Directions: Reproduce verbatim, line by line, everything from the line containing "登录微信公众号平台https" to the last line of the listing below; add nothing.

The data:
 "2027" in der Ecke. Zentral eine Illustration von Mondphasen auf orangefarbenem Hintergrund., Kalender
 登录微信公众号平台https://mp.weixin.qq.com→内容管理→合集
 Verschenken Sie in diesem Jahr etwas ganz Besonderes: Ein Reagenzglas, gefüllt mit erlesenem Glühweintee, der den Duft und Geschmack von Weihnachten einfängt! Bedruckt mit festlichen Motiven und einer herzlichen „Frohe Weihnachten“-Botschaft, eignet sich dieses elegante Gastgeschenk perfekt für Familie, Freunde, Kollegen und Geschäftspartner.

Completed task:
 登录微信公众号平台https://mp.weixin.qq.com→内容管理→合集
 Verschenken Sie in diesem Jahr etwas ganz Besonderes: Ein Reagenzglas, gefüllt mit erlesenem Glühweintee, der den Duft und Geschmack von Weihnachten einfängt! Bedruckt mit festlichen Motiven und einer herzlichen „Frohe Weihnachten“-Botschaft, eignet sich dieses elegante Gastgeschenk perfekt für Familie, Freunde, Kollegen und Geschäftspartner.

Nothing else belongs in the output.